[Data entries]
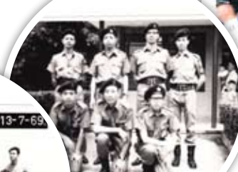
1968年梁Sir加入醫療輔助隊為一級輔助男護士
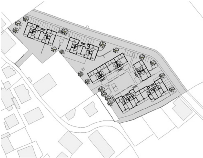
Wohnanlage Niedermühlbichler Gründe
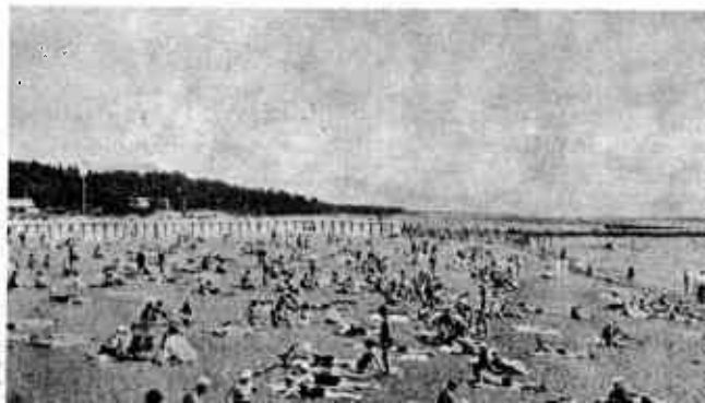
Meren ja hiekan lumoissa.

Luonto Terijoella on ihastuttavan kaunista, sillä monin paikoin on tuuheita, viihdyttäviä, reheviä puistoja, jollaisten siimeksessä m.m. useimmat täysihoitolat sijaitsevat. Luonnon»
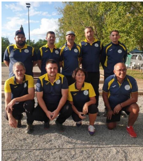
PETANQUE MERCUSIENNE QUALIFIEE 1 ER TOUR REGIONAL COUPE DE FRANCE DES CLUBS
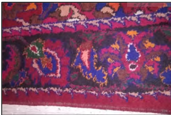
تصویر ۱۹: حاشیه مشهدی (نگارنده اول)

این حاشیه که مانند حاشیه واژ در زیرمجموعه حاشیه‌های سرخود یا درباری طبقه‌بندی می‌شود، متشکل از یک واگیره تکرارشونده است که مزین به گل‌های لاله‌عباسی برگ‌مویی، گل‌فرنگ رز و برگ‌های کنگره‌ای شکل است (تصویر ۱۸). در برخی از نقشه‌ها یک دسته گل‌فرنگی و رشویی با نام محلی «گل پیرمرد» از گوشه حاشیه منشعب شده و در محل لچک قرار گرفته است. با توجه به آنکه طرح و نقش این حاشیه دورنمایی از چروکیدگی را در ذهن تداعی می‌کند، در گویش و زبان محلی با نام «چرکی» به معنای چروک و چروکیدگی خوانده می‌شود.
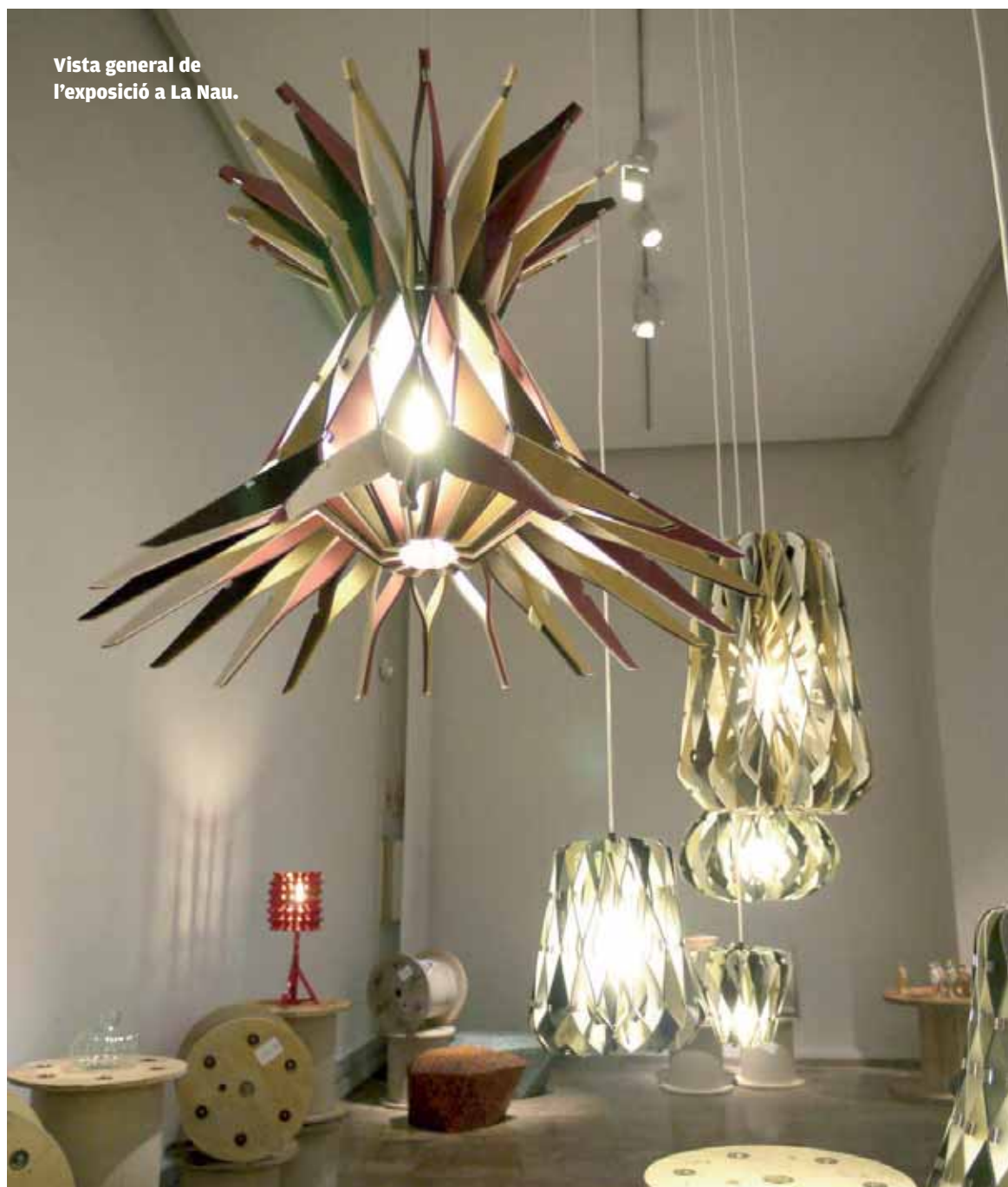
Vista general de l'exposició a La Nau.

En el si de la València Disseny Week, l'ADCV organitza, en col·laboració amb la Universitat de València, l'exposició Unint punts. Disseny llatinoamericà i disseny espanyol , que
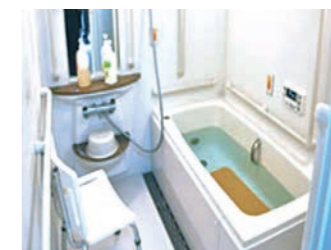
一般浴室(各フロア)
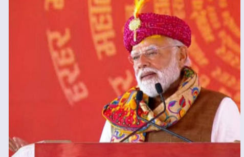
ప్రధాని నరేంద్ర మోదీ మరోసారి దేశ తొలి ప్రధాని జవహర్ లాల్ నెహ్రూపై తీవ్ర విమర్శలు చేశారు. స్వాతంత్ర్యానంతరం గుజరాత్ లోని - మిగతా 2 లో
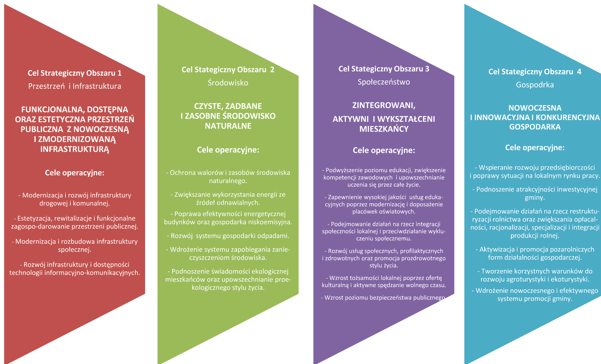
Rysunek 3. Schemat prezentujący strukturę celów strategicznych, celów operacyjnych i kierunków działań Strategii Rozwoju Gminy Tuczępy
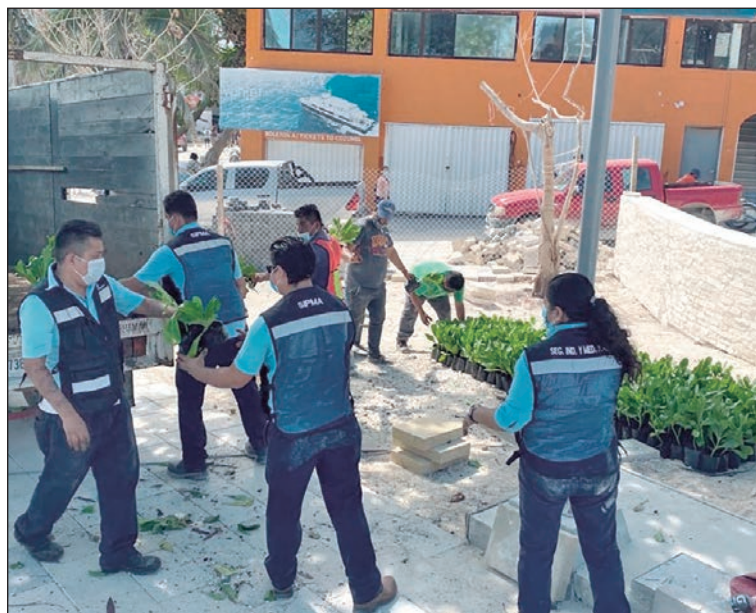
▲ La concesionaria ha dedicado al menos la última década a llevar un mensaje pro ambiental a todos los niveles y ámbitos posibles.

Asimismo, por más de 25 años, Aguakan ha trabajado junto con diversas instituciones públicas y privadas en programas de educación ambiental dirigidos a difundir las claves para el cuidado del agua, indispensables para
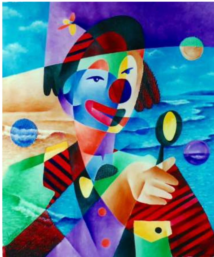
Luis Jacintho Argumedes Mateus - Un cirque à la plage # 2, acrylique sur toile, 20" x 24"
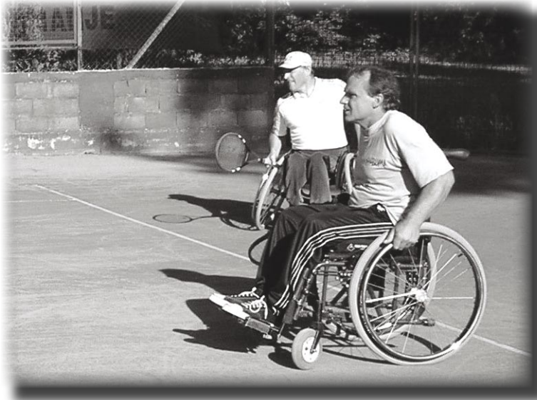
Igra u parovima

Zanimljivo, na državnom prvenstvu davne 1995. go-

▶ Description of the task
Determine how many lines above contain "حاشیه" and respond with that number only.

▶ Result
2